Highlights for the Third Quarter:




--  Equipment Group revenues were up 21% in the quarter versus the similar

    period of 2009 on strong new and used machine sales and higher product

    support activities. Operating income increased 26% compared to last year

    on higher revenues.



--  Equipment Group bookings increased 118% in the third quarter and 73% in

    the year-to-date versus 2009. This included a $125 million order from

    Detour Gold Corporation. In addition to mining, improved activity levels

    have also been experienced in power systems and road building.



--  Compression Group revenues were up 71% in the quarter compared to the

    same period last year due to the acquisition. Operating income decreased

    35% from the third quarter of 2009 as lower shop utilization, higher

    combined overheads, rationalization costs and acquisition-related

    transaction costs impacted results.



--  Compression Group bookings for the quarter were three times those

    reported in the third quarter of 2009 and 71% higher than those reported

    in the second quarter of 2010. Backlogs ended the quarter at levels

    twice those reported both at this time last year and as at December 31,

    2009.



--  Subsequent to the end of the quarter, Enerflex announced orders from QGC

    totalling a record USD $193 million for natural gas compression and

    process equipment for the Queensland Curtis LNG project and domestic

    Australian natural gas production.



--  The operations of Syntech, an electrical, instrumentation and control

    business, were sold effective September 1, 2010. Syntech was a component

    of the ESIF acquisition however it was not considered to be core to the

    growth strategy of Enerflex and its assets were sold.

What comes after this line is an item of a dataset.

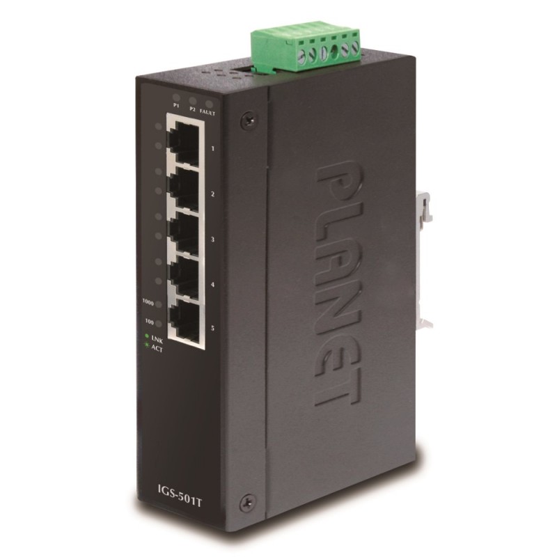5portový přepínač a konvertor pro průmyslové aplikace. 5 portů 1000Base-T.
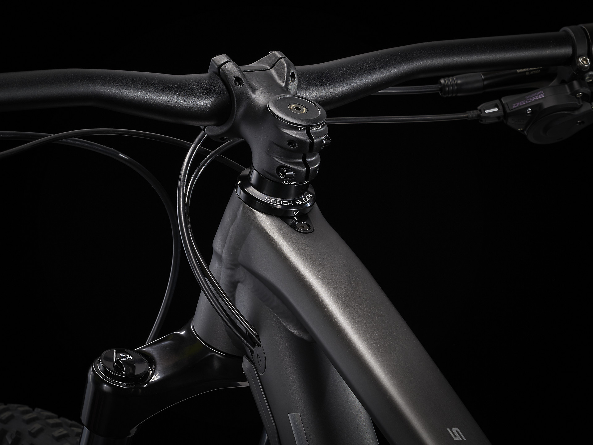 丈夫なアルミフレームは、ハンドルバーの切れ込みすぎを防ぐKnock Block ステアリングコラムストップを搭載。140mm トラベルのRockShox Recon Silver フォーク、130mm トラベルのX-Fusion Pro 2 リアショック、Shimano Deore 12速ドライブトレイン、ドロッパーポスト、油圧ディスクブレーキを搭載しています。

--  Estimated savings achieved from actions completed through the end of the

    quarter have risen to $30 million including reductions of 310 people.

    These savings will be increasingly reflected in future quarters as

    termination payments diminish and the carrying costs related to surplus

    facilities are eliminated with their disposal.



--  After reducing acquisition debt by $100 million in the quarter, the

    Company maintained a strong financial position and ended the quarter

    with $86 million of cash and cash equivalents. After completing the

    largest acquisition in the Company's history earlier this year, total

    debt net of cash to shareholders' equity was 0.33:1, comfortably within

    stated capital targets.



--  As previously announced, the Board of Directors approved a 7% increase

    in Toromont's regular quarterly dividend marking twenty-one consecutive

    years of increasing dividends. The quarterly dividend at the new rate of

    $0.16 per common share was paid on October 1, 2010 to shareholders of

    record on September 16, 2010.



--  Subsequent to the end of the quarter, the Company renegotiated its term

    loan and bank credit facilities achieving a one-year extension and

    reducing interest costs.



--  On November 8, 2010, the Company announced its intention to spin off

    Enerflex Ltd., its natural gas compression and processing equipment

    subsidiary, to existing shareholders by means of a tax-deferred

    divestiture for Canadian tax purposes. After the spinoff, Toromont's

    remaining operations will include the business of Toromont CAT,

    Battlefield - The CAT Rental Store and CIMCO. The proposed corporate

    reorganization would be implemented through a court approved Plan of

    Arrangement and is subject to regulatory and shareholder approval. If

    approved, the spinoff is expected to be completed in the spring or early

    summer of 2011.



"We should continue the pattern of steady improvement at Enerflex in the fourth quarter that we have experienced this year to date," continued Mr. Ogilvie. "Increased bookings are driving higher shop loading, and coupled with savings from integration, will eventually lead to better results. CIMCO and the Equipment Group are expected to continue to deliver good results as the underlying economy and specific markets we serve continue to strengthen. Much higher backlogs will provide momentum for both Groups so that we expect to enter 2011 with a significantly better outlook than we had entering 2010."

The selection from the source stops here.